Should I use all of them? Should I just use the top 10? Like these are really difficult questions

that basically led to people to make the decisions that they made before, which are the decisions that they think that are best, but not really based on evidence or the model.

And the solution that we found,

which I think

is profound

is,

pushing the

model

1 step further into the decision making pipeline. And I find that is often unappreciated. So what you can do once you have your model,

rather than just reporting that number, right, that probability output, you can actually generate new data, different scenarios

of what the future could look like given your model and what the model has learned on the data. So something that has a very high probability of generating good returns will generate

really good looking returns into the future. Something that is in between

will generate. Sometimes it'll go down. Sometimes it'll go up.
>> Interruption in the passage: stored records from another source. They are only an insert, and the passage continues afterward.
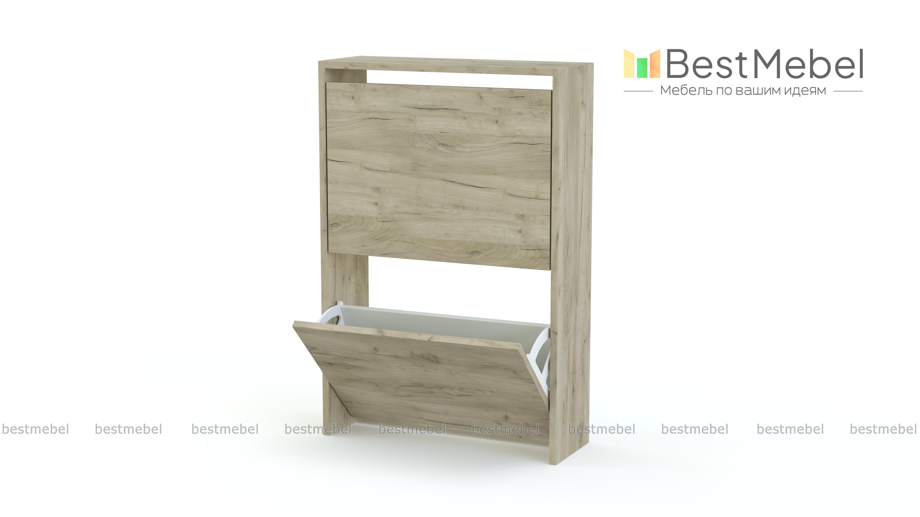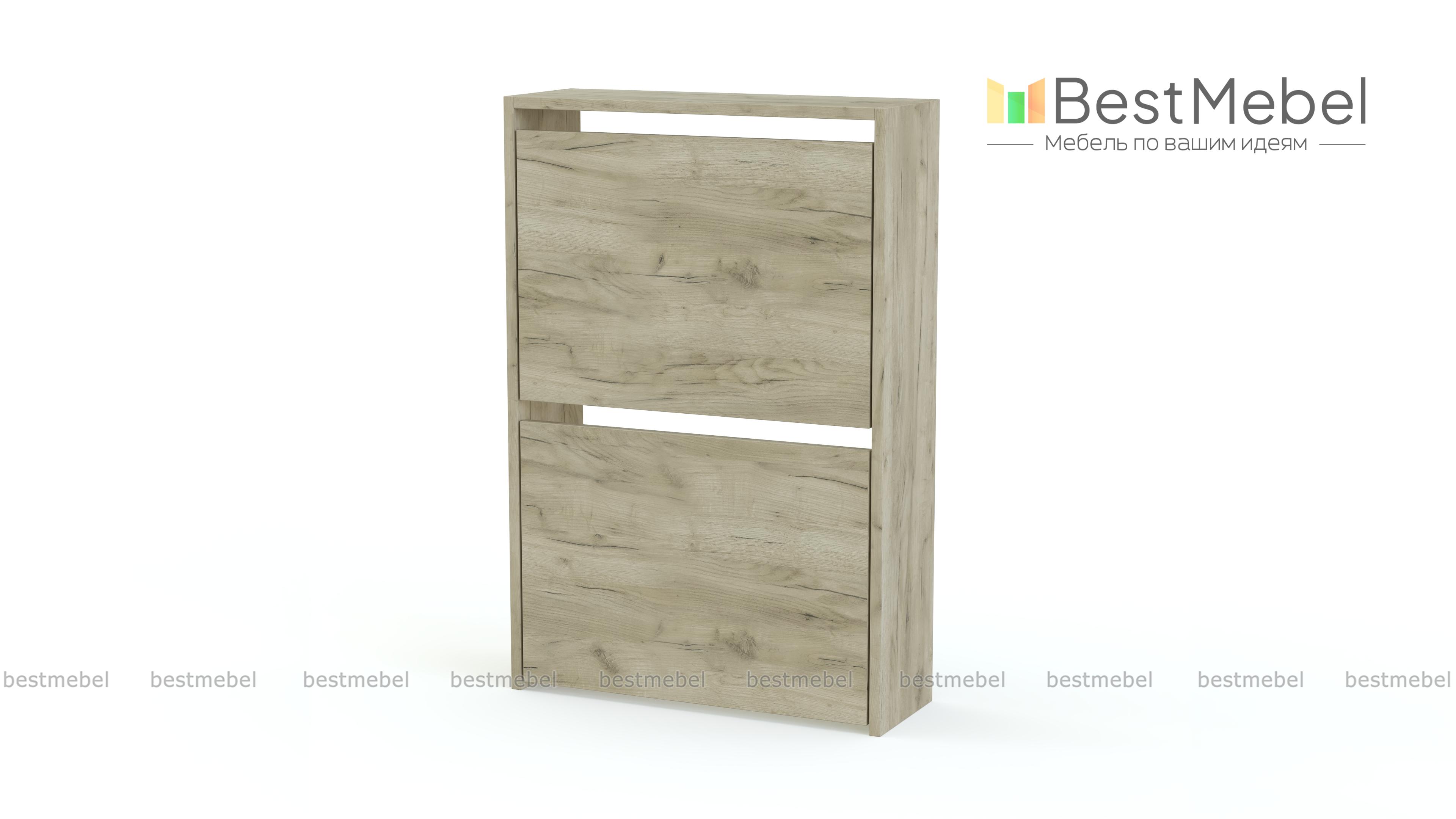 Обувница Анри 6 BMS с закрытыми фасадами поможет вам эстетично разместить обувь и средства ухода в небольшой прихожей. В двух откидных отделениях тумбы пары располагаются вертикально, занимая совсем немного места. Материал изготовления обувницы — устойчивая к действию влаги и появлению царапин ламинированная плита универсального светлого оттенка. Купить обувницу Анри 6 BMS вы всегда сможете в нашем интернет-магазине, по желанию изменив цвет и размеры.
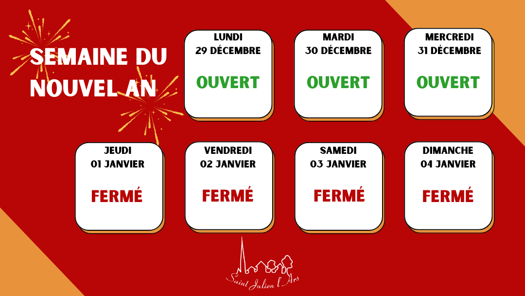 Nous vous informons qu’à l’occasion des fêtes de fin d’année, les jours d’ouverture de la mairie seront modifiés exceptionnellement. Les horaires restent inchangés, nous vous accueillons de 9h à 12h en matinée, puis de 14h à 17h l’après-midi.
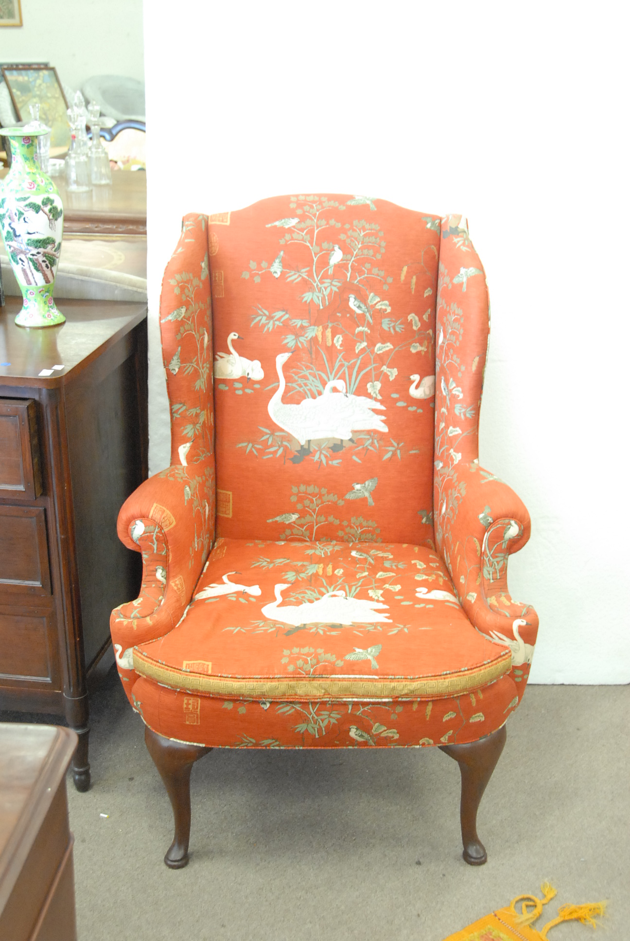 Pair of Henredon Queen Anne style upholstered wing chairs.
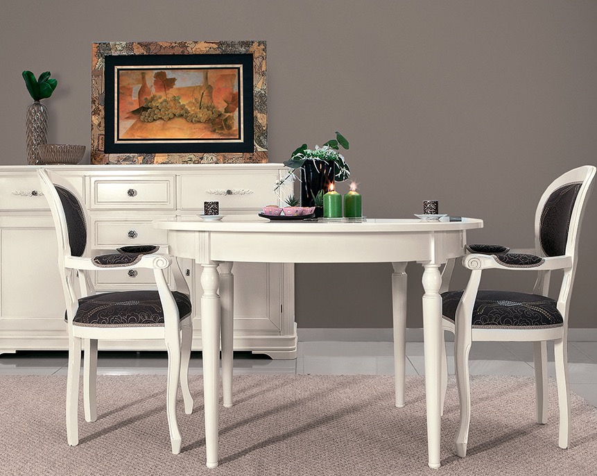 Комплект мебели для обеденной зоны из коллекции Артемида от фабрики Monte Cristo Mobili состоит 3-х предметов и включает: раскладной стол и два стула с подлокотниками.
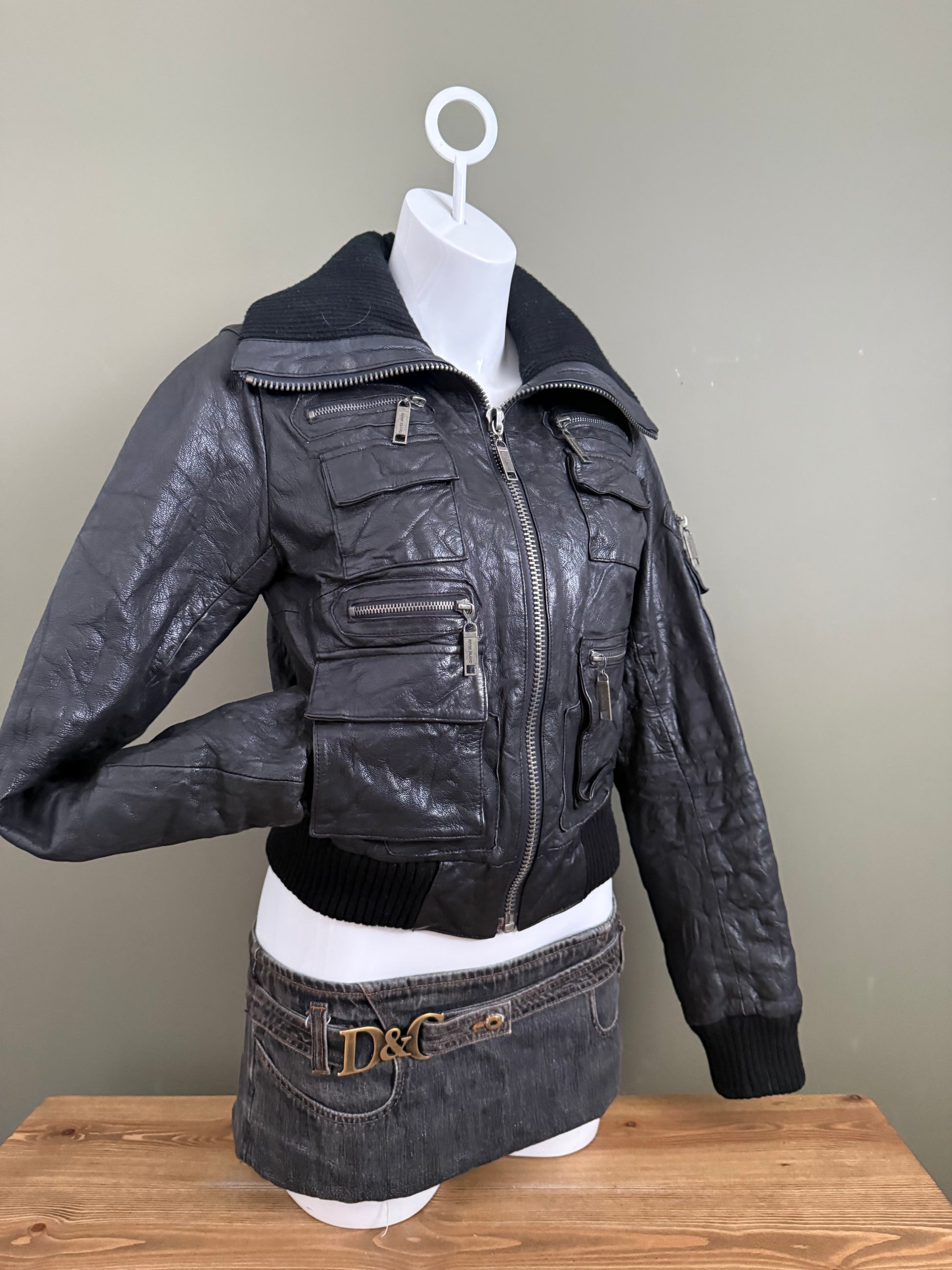 Leather Cargo Bomber Jacket (UK12)
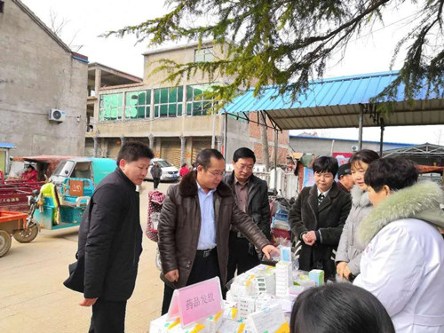 鄲城縣第二醫(yī)療健康服務(wù)集團副院長王海超、副院長王景春、錢店衛(wèi)生院院長李西鋒赴義診現(xiàn)場督導(dǎo)
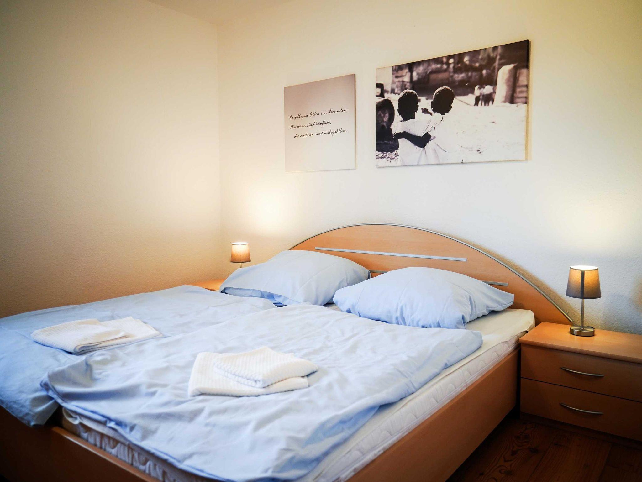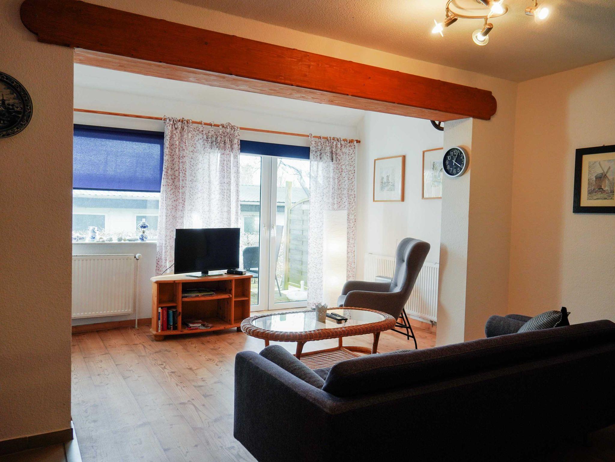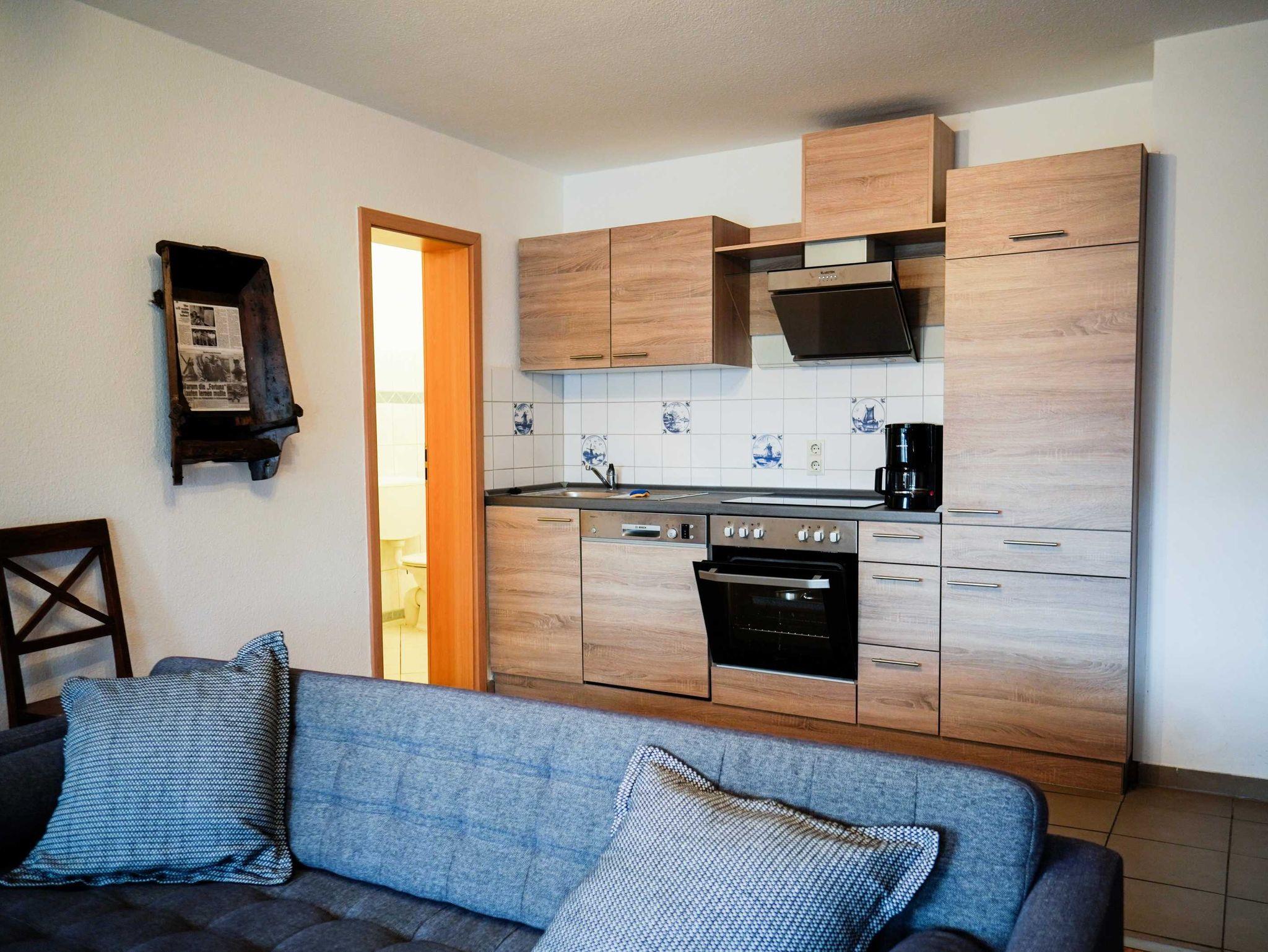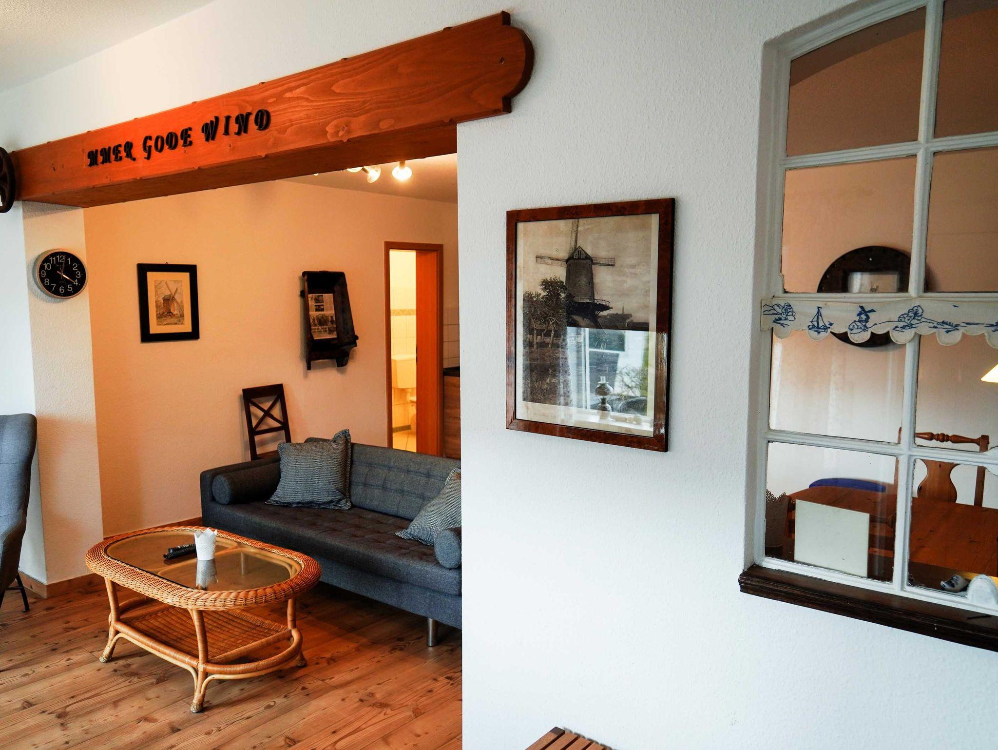 In der im Erdgeschoss gelegenen 60 qm großen Ferienwohnung Mühlenstube sind Originalteile aus einer alten Mühle verbaut. Die Wohnung ist für bis zu 4 Personen geeignet und verfügt über eine Terrasse, einen Wohnraum mit offener Küche, zwei Schlafzimmer (1x mit Doppelbett, 1x mit Etagenbett) und ein Bad mit Dusche und WC.
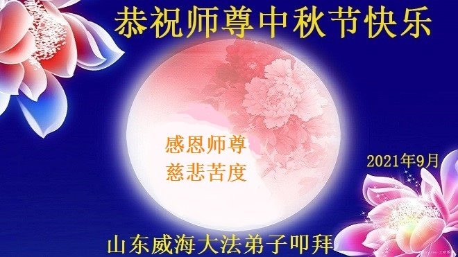 慈悲伟大的师父好: 弟子衷心敬祝师父中秋快乐!叩拜师父。 山东烟台市招远市大法弟子敬上 二零二一年九月六日 山东烟台市招远市大法弟子恭祝师父中秋快乐!
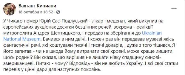 В частности, речь идет о реликвиях митрополита Андрея Шептицкого. Их он передал на хранение в Ukrainian National Museum. "В Чикаго скончался Юрий Сас-Подлуский - врач и меценат, который выкупил на европейских аукционах десятки бесценных вещей, в частности - реликвии митрополита Андрея Шептицкого, и передал на хранение в музей", - написал Кипиани. Соболезнования по поводу смерти врача-мецената выразила и куратор Украинского музея в Чикаго Мария Климчак. На своей странице в Facebook она отметила, что потеряла друга, с которым они дружили 20 лет. "В калейдоскопе чикагских событий его жизни – врачебная практика – оказывал помощь всем, лечил и преподавал, держа руку на пульсе истории: коллекционировал, изучал, записывал, чтобы все передать музею, как часть сохраненной им истории и культуры Украины. О таких, как он, говорят – подаренные Богом, потому что рождаются один раз в столетие! Покойся с миром, дорогой господин Юрий! Мы всегда будем Вас помнить. Вечная память!" – подчеркнула Климчак. Доктор Юрий Сас-Подлуский первым в 60-х годах прошлого века для американского журнала "The Medal Collector" написал о важнейших событиях эпохи освободительной борьбы за независимость. Благодаря ему в журнале был основан раздел "Награды Украины". За меценатскую деятельность Сас-Подлуский награжден грамотой от Блаженнейшего Святослава, главы Украинской Греко-Католической Церкви. Напомним, ветеран АТО решился на роковой шаг в День защитника Украины, детали трагедии. Как сообщала Politeka, китайский вирус унес жизнь легендарного харьковского артиста. Также Politeka писала, что в Харькове оборвалась жизнь знаменитого врача и ученого.
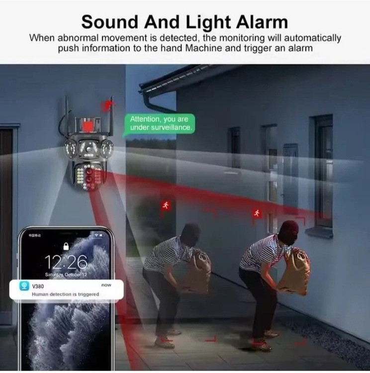 این دوربین سه لنزی مجهز به فناوری تشخیص حرکت است و میتواند در صورت شناسایی حرکت مشکوک، هشدارها را به گوشی یا سیستم مرکزی ارسال کند.
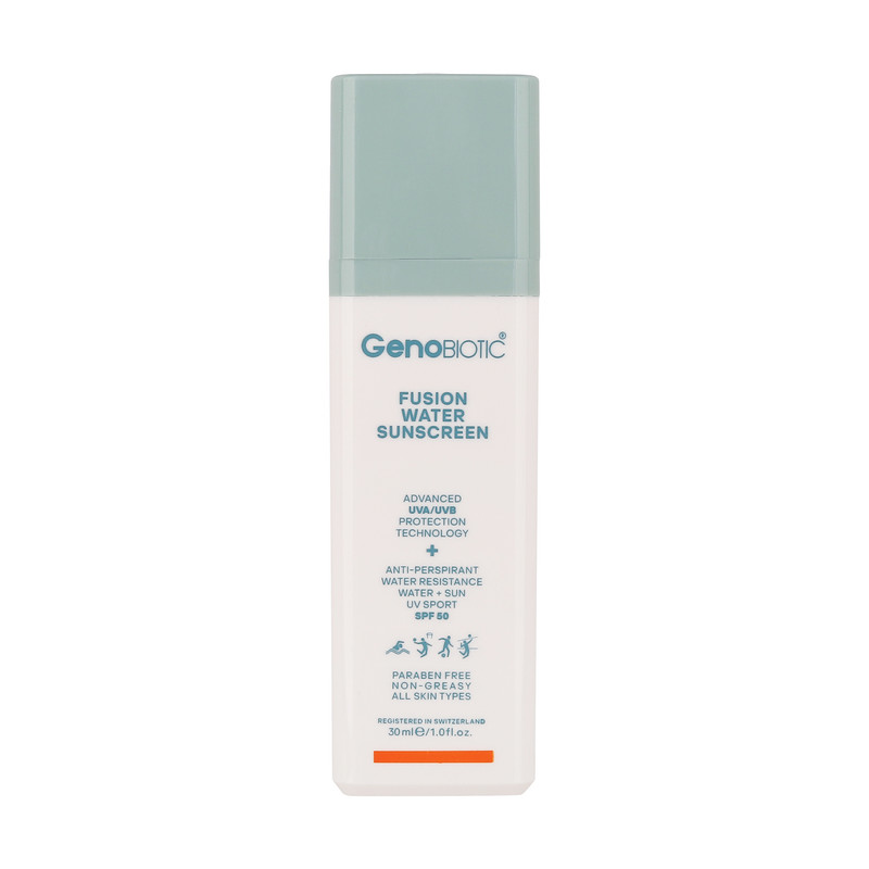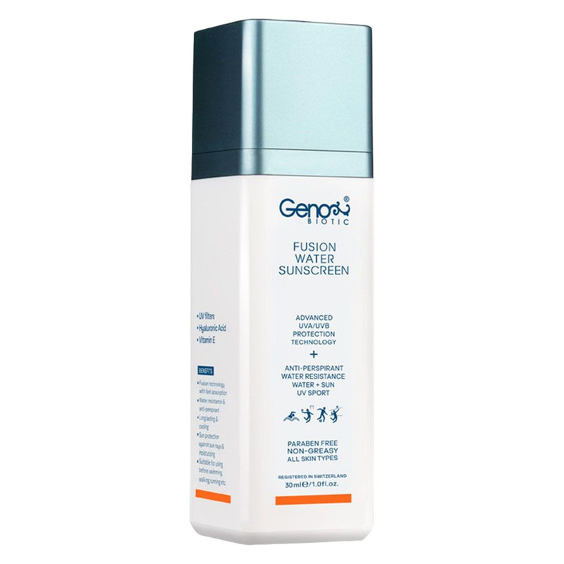 کرم ضدآفتاب بیرنگ ژنوبایوتیک مدل Fusion water مناسب انواع پوست، حجم 30 میلیلیتر

So you do that for all your strategies. You generate all kinds of different future scenarios, and then you plug those into an optimizer and say, okay, give me the selection of strategies

that will

maximize my profitability

or rather minimize the risk of getting a terrible loss. But either way, you wanna optimize so that you find the best

selection of algorithms with the best properties. And now all of a sudden, rather than reporting a number that people didn't look at, now the output is given, like, all the inputs that are available, this is the best selection and how to weight them of your portfolio allocation problem. So

and and that, like, was what we used then to actually make these decisions. So all of a sudden, like, there was no more human in the loop to make these really difficult decisions, making very difficult trade offs, and and that model just worked way better

and was actually being used for its intended purpose. So that idea, I think of not just making a model and it could even be a machine learning model, but really going the extra mile and not just reporting like, oh, yeah. This is an amazing predictor or whatever,

and it is that accurate.

It's not that useful. Right? In in in the business world, often people don't really care as much about how cool your model is. What they care about is, well, A, does it work? And B, does it make money? So you really need to be successful. So as

a data scientist, you really need to speak their language. And then

that allows you to do that where you can show like if this process works way better than what we did before, and we think it'll be 10% more profitable or something like that. So,

yeah, I think that is really critical tool for data scientists to have impact in actual business processes.

And so

could you talk a bit now about how the pymc3

project itself is implemented? I know that it's gone through a few different generations with the

going from 1 to 2 and then 2 to 3, and I know that, version 4 is in the works. But,

curious if you can just dig into some of the architecture and some of the ways that it has evolved and some of the things that you're thinking about as you look to the next version. So pinesy 1, I don't even know what oh, yeah. I think so, basically, pinesy 1 was, like, a pure Python based

implementation of the probability distributions that Chris Fonsbeck wrote, I think in his PhD or something. And because it was all in Python, it was really, really slow.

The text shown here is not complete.